The Dutch bank is now expecting CPI inflation to average 4.6% in 2022, up from its previous forecast of 3.9%. “As 2022 progresses, we expect a drag from core goods prices (mainly used cars) to be increasingly offset by higher services inflation. Last week’s payrolls report indicated an exceptionally tight labor market, with wage growth at 5.8% on a 3m/3m annualized basis. Such strong wage gains are only just starting to impact services inflation, and we expect the labor market to become a bigger – and more durable – driver of inflation in the months ahead,” said ABN AMRO senior U.S. economist Bill Diviney.

The situation in China is different as increases in the producer price index were driven by commodity-related sectors. “A relaxation of energy policy in Q4-2021 has already contributed to an easing of energy-related bottlenecks,” said ABN AMRO senior economist Arjen van Dijkhuizen. “We expect CPI … to remain well below the PBoC’s target of around 3%. All in all, the latest inflation developments provide room for the Chinese government to continue with piecemeal, targeted easing of monetary policy.”

A big test for gold

With inflation running so hot across the globe and central banks starting to take the threat of rising price pressures seriously, gold will meet its real test this year. Last year, gold declined largely due to a lack of investor interest. In 2022, all eyes will be on how the yellow metal performs as an inflation hedge asset.

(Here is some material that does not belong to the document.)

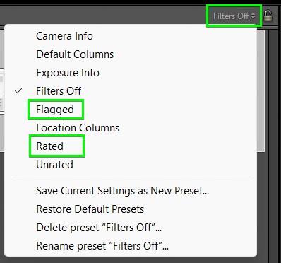 Click on Filters Off at the top right corner of the Library Filter space and change the filter option to Flagged or Rated. Now, only your flagged or rated images will be visible in your library.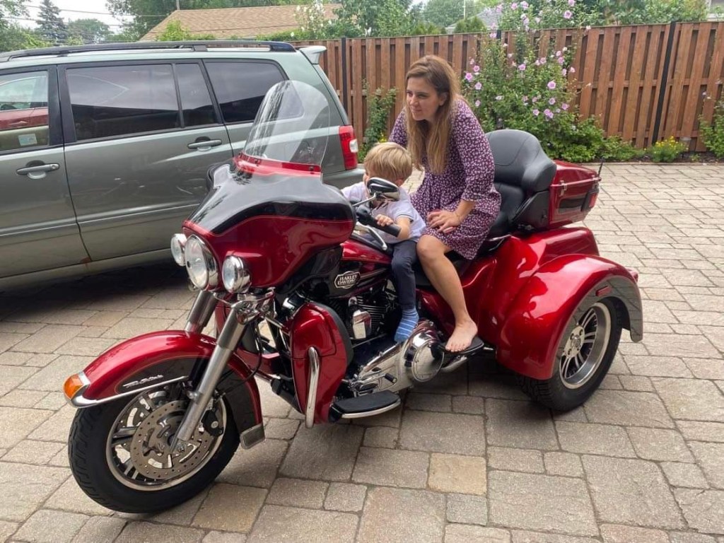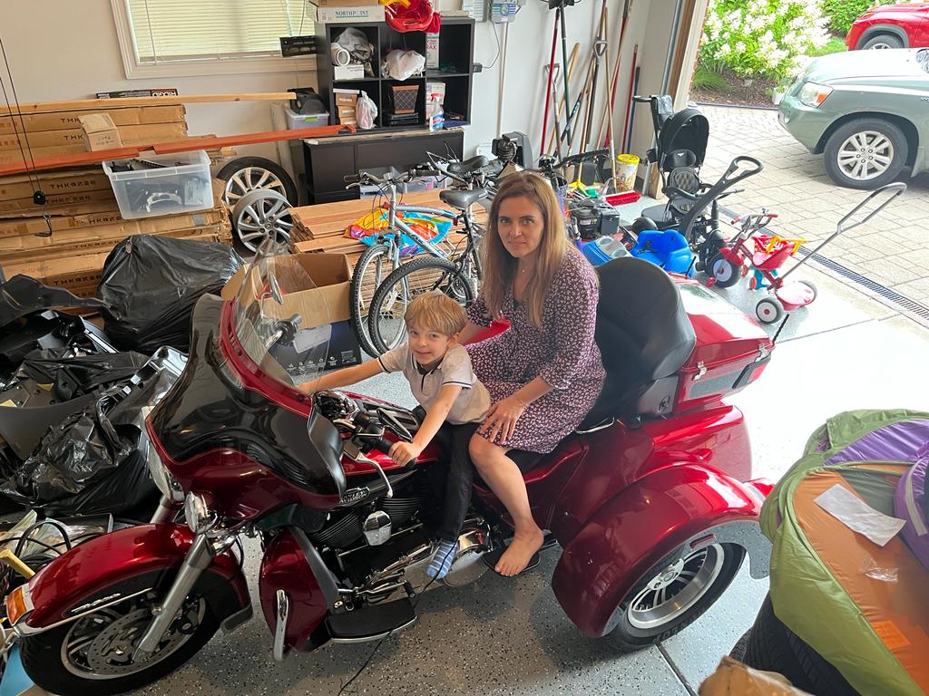 Niestety, często życie imigrantów sprowadza się tu do zatracenia się w pracy i walki o przetrwanie, a kwestia wiary ogranicza się do powierzchownej religijności i przyjścia do kościółka z potrzeby pobycia blisko rodaków. Na szczęście nie w każdym przypadku tak jest. Kiedy podzieliliśmy się z Księdzem o naszym kłopocie z bagażami, natychmiast na ogłoszeniach po Mszy zapytał się wiernych czy jest ktoś, kto może ma pożyczyć box na dach. Ku naszej uciesze zgłosiły się cztery osoby. Byliśmy uratowani, a mało tego trafiliśmy do cudownego małżeństwa Marty i Ryszarda, którzy nas ugościli pysznymi pączkami i pomogli zamontować box dachowy. Usłyszeliśmy ich historię życia i okazało się, że oni są jednym z tych małżeństw, które chciało więcej i to zarówno w sferze duchowej jak i materialnej. Mają piękny dom na przedmieściach Chicago i są blisko Boga przez posługę w swoich wspólnotach. Asia z dziećmi raczyła się kawką i rozmową z Martą, ja natomiast montowałem box z Ryszardem. Jasio zdążył przećwiczyć jazdę na Harley’u 🙂

“It could be argued that the bullish case for gold is its reputation as an inflation hedge, especially given central banks’ recent record for recognizing how severe the situation is,” said OANDA senior market analyst Craig Erlam. “But with inflation likely nearing its peak, that may not last. That said, fear around Fed tightening may also be peaking, which could support gold in the short-term, and a break through $1,833 could signal further upside to come.”

During the second week of the year, gold remained well supported even as yields around the world climbed in response to more hawkish tones from central banks. At the time of writing, February Comex gold futures were trading at $1,820.10, down 0.39% on the day.

Gold bulls are returning to the precious metal this week as inflation trade gathers attention, said FXTM senior research analyst Lukman Otunuga.

“The precious metal continues to draw strength from a weaker dollar and slight pullback in Treasury yields with prices trading around $1826 as of writing. Inflation risks could also be supporting upside gains for gold which has often been considered a hedge against rising prices. With inflation in the United States jumping in December, this could encourage some investors to hold onto their gold investments,” Otunuga said.

From a technical perspective, gold can move towards $1,845 if it closes above $1,831 an ounce. On the other hand, if it drops below $1,810, it can move towards to $1,800 and $1,770 an ounce, he added.  

Disclaimer: The views expressed in this article are those of the author and may not reflect those of Kitco Metals Inc. The author has made every effort to ensure accuracy of information provided; however, neither Kitco Metals Inc. nor the author can guarantee such accuracy. This article is strictly for informational purposes only. It is not a solicitation to make any exchange in commodities, securities or other financial instruments. Kitco Metals Inc. and the author of this article do not accept culpability for losses and/ or damages arising from the use of this publication.